Added by Acts 2003, 78th Leg., ch. 1181, Sec. 1, eff. Sept. 1, 2003.



Section  953.160.  Limitations On Company Name.

(a) A company may not use a name that:

(1)  includes "insurance," "casualty," "surety," or "mutual" or any other word descriptive of the insurance, casualty, or surety business; or

(2)  is deceptively similar to the name or description of an insurance or surety corporation or to the name of any other company.

(b)  This section does not apply to a company that, before September 1, 2003, included a word prohibited under this section in its name. A company described by this subsection must include in each legal service contract a statement substantially similar to the following: "This agreement is not an insurance contract."

Added by Acts 2003, 78th Leg., ch. 1181, Sec. 1, eff. Sept. 1, 2003.



Section  953.161.  Misleading Statements Prohibited.

A company, a sales representative, or a representative of a sales representative may not, in the company's contracts or marketing:

(1)  make, permit, or cause to be made any false or misleading statement; or

(2)  deliberately omit a material statement if the omission would be considered misleading.

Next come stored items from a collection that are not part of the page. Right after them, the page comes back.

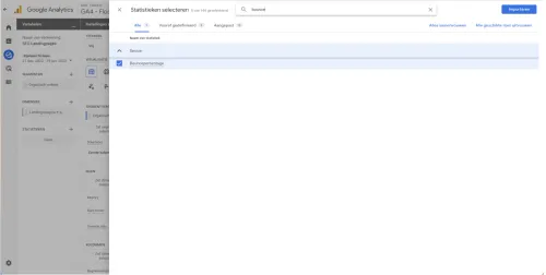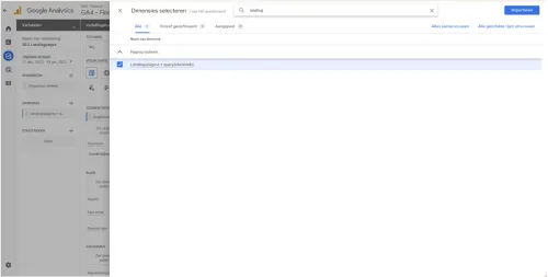 By selecting the metrics, we determine which data is displayed in the table. Beforehand, consider which data you want to have insights into from the organic landing pages. For this example, we use the following metrics:
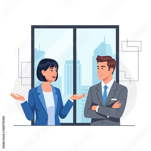 Dynamic Dialogue: A corporate setting captures a moment of discussion between two professionals, the scene rendered in a flat illustration style. the atmosphere exudes modern professionalism.
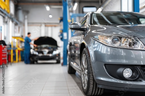 Modern car being serviced in a clean, well-lit automotive workshop auto service garage, showcasing maintenance, diagnostics, and mechanical repair environment.
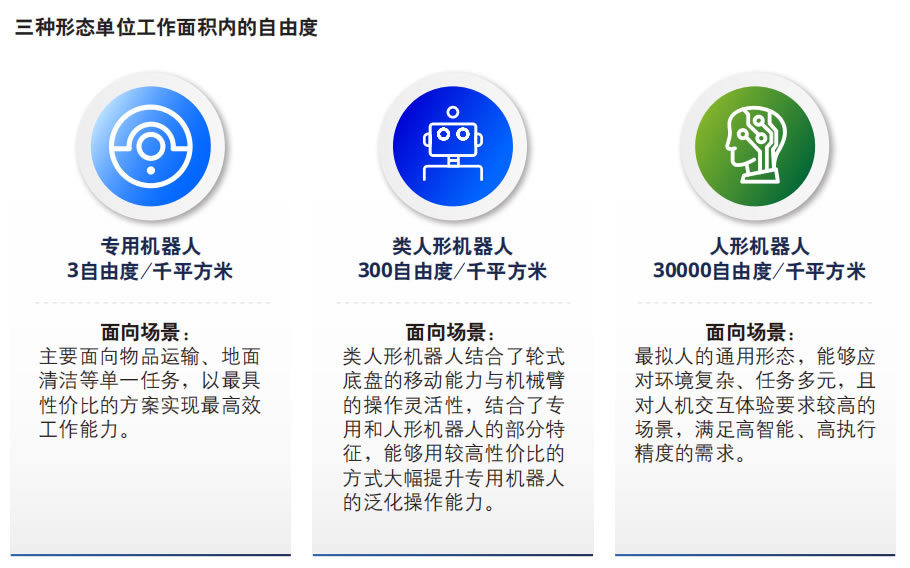 基于 “單位工作面積自由度”這一指標,可以更好地理解專用、類人形、人形三種形態機器人各自 的優勢和適用場景,以及如何根據特定的應用需求選擇合適的機器人形態,從而進一步推動生態的 構建:

Added by Acts 2003, 78th Leg., ch. 1181, Sec. 1, eff. Sept. 1, 2003.



Section  953.162.  Appointment And Responsibilities Of Administrator.

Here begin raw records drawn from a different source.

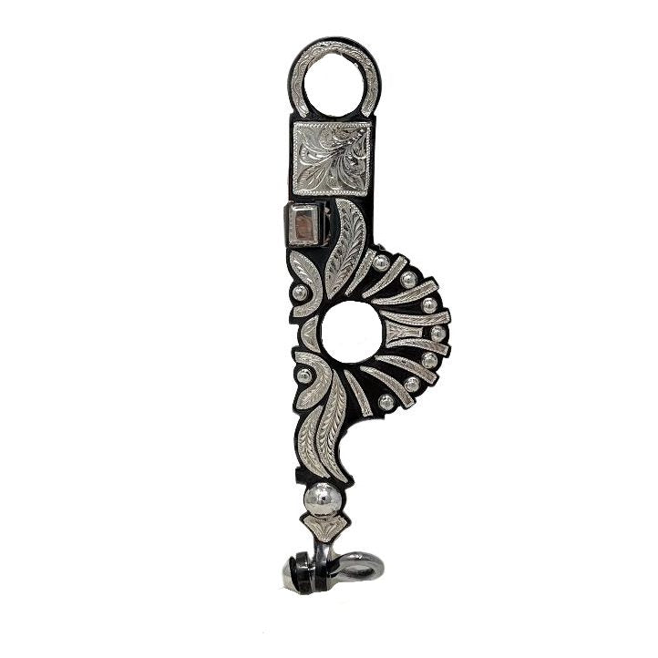 All B/B bits may be ordered in black, blue, bronze or rust finished steel with inlaid sterling silver or stainless steel with sterling silver overlay. Our standard mouthpiece width is 5 1/8″ or may be ordered in a different width to suit your needs. Choose the mouthpiece you like to go with your favorite cheek style. For custom bit orders please allow 8-10 weeks. Colors are inlaid and Stainless is overlaid.
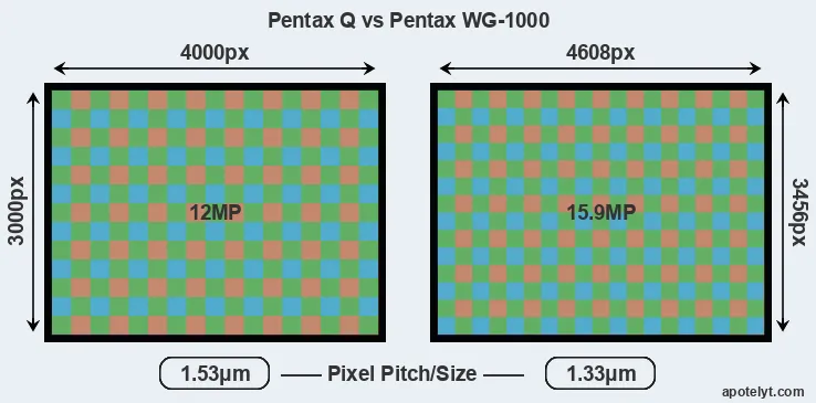 | Sensor Specs | Pentax Q | Pentax WG-1000 |
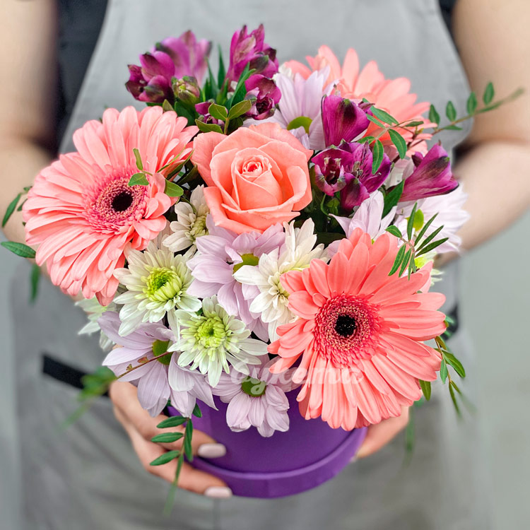 Коробка с хризантемами и персиковыми герберами

(a) A company may appoint an administrator or designate a person to be responsible for:

(1)  all or any part of the administration or sale of legal service contracts; and

(2)  compliance with this chapter.

(b)  The executive director may adopt rules regarding the registration of an administrator with the department.

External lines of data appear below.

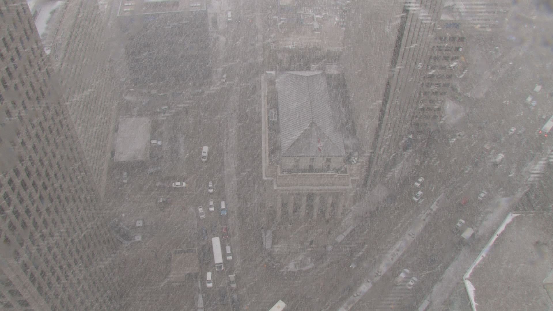 WATCH: Whipping snow seen at Portage Avenue and Main Street
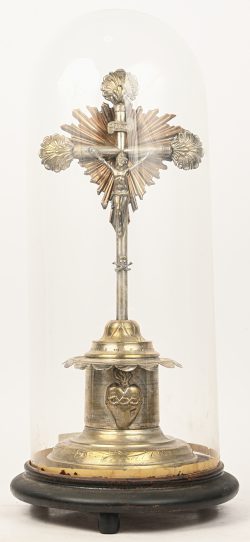 #117Een lot van vier antieke metalen voorwerpen, waaronder een kunstig bewerkte karaf, een sierlijke dekselpot, een verzilverde vaas en een gedetailleerd beeld van een haan.
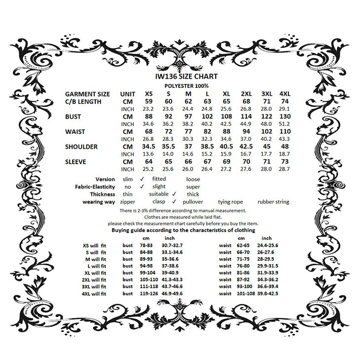 XXL: Bust 114, Waist 94, C/B Length 68
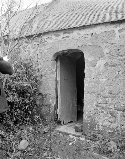 Elévation antérieure du logis, détail de la porte en anse de panier. (1979)Immatriculation
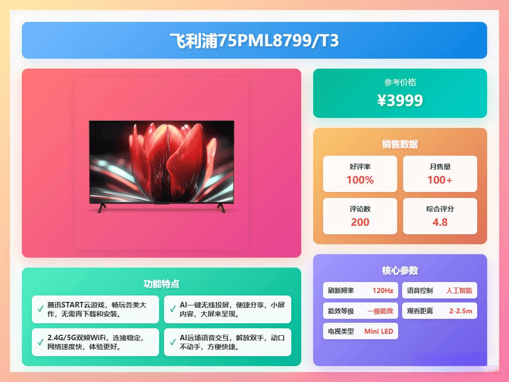 这款飞利浦75PML8799/T3采用了Mini LED背光技术,用棋盘式动态调光让画面的对比度和亮度都更丰富,色彩表现也更细腻。配合QLED纳米量子点技术,色彩变得更真实、更饱满,看电影、玩游戏都特别过瘾。120Hz的高刷新率让快速运动画面也能保持流畅,无拖影,HDR技术还能让明暗对比更自然,画面层次感十足,色彩还原非常到位,看大片像身临其境一样。

Added by Acts 2003, 78th Leg., ch. 1181, Sec. 1, eff. Sept. 1, 2003.



Subchapter E. Disciplinary Action

Section  953.201.  Disciplinary Action.

On a finding that a ground for disciplinary action exists under this chapter, the executive director may impose an administrative sanction, including any administrative penalty, as provided by Chapter 51.

Added by Acts 2003, 78th Leg., ch. 1181, Sec. 1, eff. Sept. 1, 2003.



Section  953.202.  Emergency Cease And Desist Order.

(a) The executive director may issue an emergency cease and desist order to enforce this chapter if the executive director determines that an emergency exists requiring immediate action to protect the public.

(b)  The executive director may issue the emergency cease and desist order without notice and hearing if the executive director determines that an immediate issuance is necessary under the circumstances.

(c)  The executive director shall set the time and place for a hearing to affirm, modify, or set aside an emergency cease and desist order that was issued without a hearing.

Added by Acts 2003, 78th Leg., ch. 1181, Sec. 1, eff. Sept. 1, 2003.



Section  953.203.  Injunctive Relief; Civil Penalty.

(a) The executive director may institute an action against a company or sales representative for injunctive relief under Section 51.352 to restrain a violation or a threatened violation of this chapter or an order issued or rule adopted under this chapter.

(b)  In addition to the injunctive relief provided by Subsection (a), the executive director may institute an action for a civil penalty as provided by Section 51.352.

Added by Acts 2003, 78th Leg., ch. 1181, Sec. 1, eff. Sept. 1, 2003.



Section  953.204.  Administrative Procedure. Section

s 51.310, 51.353, and 51.354 apply to a disciplinary action taken under this chapter.

Added by Acts 2003, 78th Leg., ch. 1181, Sec. 1, eff. Sept. 1, 2003.



Section  953.205.  Appeal.

A person affected by a ruling, order, decision, or other action of the executive director or department may appeal by filing a petition in a district court in Travis County.

Added by Acts 2003, 78th Leg., ch. 1181, Sec. 1, eff. Sept. 1, 2003.